Quand j’étais petit, on disait : tout est de la faute des Palestiniens, quand ils partiront tout s’arrangera. Mais les Palestiniens sont partis et le problème est resté. Puis on a dit : quand les Israéliens partiront tout s’arrangera. Les Israéliens sont partis mais rien ne s’est arrangé. Puis ce fut le tour des Syriens. On a dit : quand ils partiront tout ira mieux. Les Syriens sont partis mais tout va de pire en pire. Aujourd’hui encore on nous dit : quand Bachar partira tout s’arrangera.

Fascinant.

Quel est le plat national libanais ? Le hommos ou la tabboulé ? Quel est ce mets qu'on avale tous les jours, chaque jour un peu plus, matin, midi et soir ? La kebbé ou la mouloukhiyé ? Dont le nombre d'unités ingurgitées, toute une vie durant, dépassent de loin celui des falafels et des mana'iches ? Oui, vous l'avez bien reconnue : c'est la couleuvre.

Bon appétit.


© Claude El Khal, 2012

2 comments:

نجمة said...

étonnant oui

Anonymous said...

Le Liban - et pourquoi pas dire, toute la région du Bilad il Sham - a toujours été un pion joué par d'autres pays et pouvoirs. Bien sur, il y avait les environs 400 ans sous les Ottomans, avec de l'aide des Britanniques et les Americains à la fin. Mais l'erreur la plus grave et conséquente pour le Liban, c'était que le pays fut conçu par des colonialistes, les Français, avec un plan brilliant (sarcasme ici) de diviser la population entre confessions, donnant aux Chrétiens la majorité du pouvoir, lui disant qu'ils ne sont pas "arabes" mais Phoeniciens, différents (et plus puissants) l'un des autres.
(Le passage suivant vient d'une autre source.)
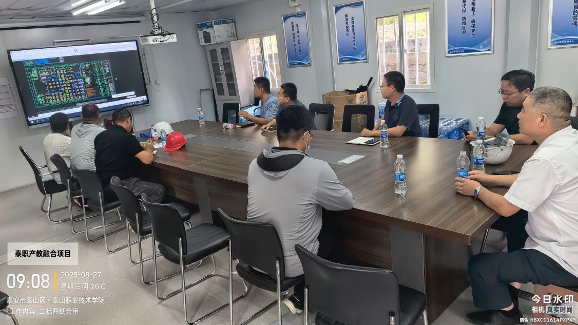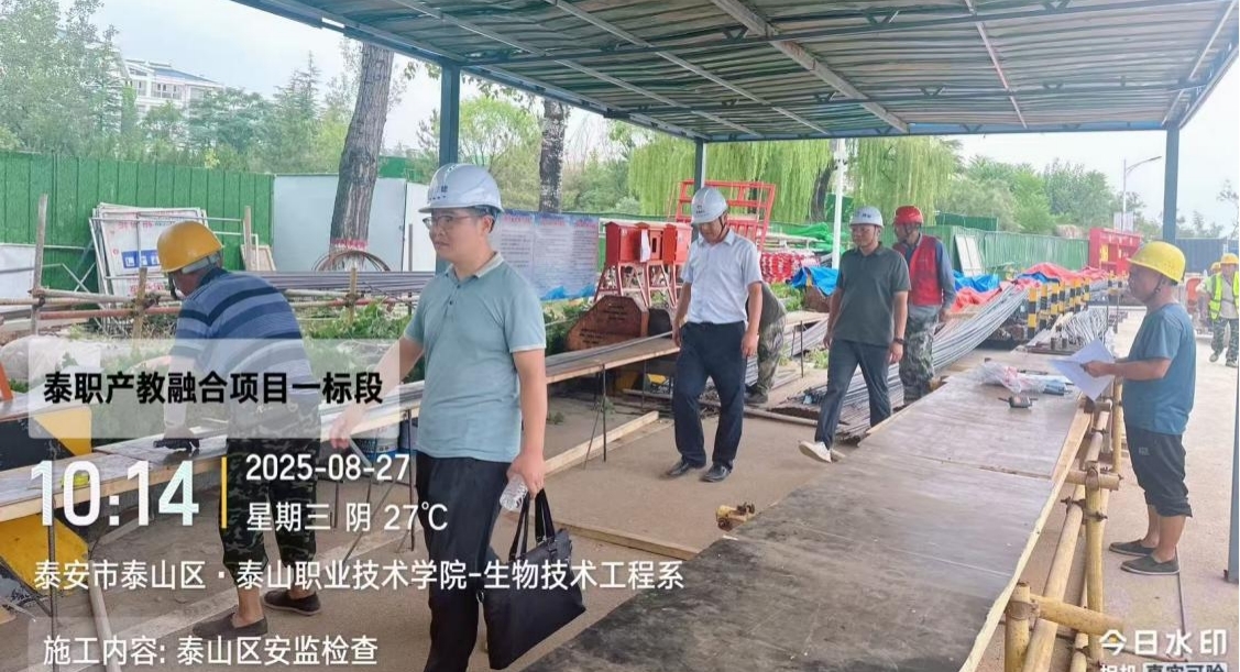2025年8月27日上午10点泰山区城市建设指导服务中心领导莅临泰山职业技术学院产教融合综合实训中心项目一标段工地检查工作。

C'est évident (et bien sur un fait historique qui résonne encore) que politiquement c'était un ratage complet. La présence et occupation des Palestiniens, des Israelis, et des Syriens était seulement un symptôme d'un état faible. Presque 70 ans après "l'indépendence", et plusieurs guerres après, l'absence du confiance entre les sectes est encore palpitable; pas seulement dans la politique Libanaise, mais aussi pour nous visiteurs. Ca va améliorer seulement quand il y aura un rapprochement entre les sectes pour creer un Etat civil. Comment ça va commencer, qui sait. Avec tous les pays et militias qui font jouer le piston, peut-etre c'est seulement possible de faire des changements petits, peu a peu, pour mettre la pression au gouvernement.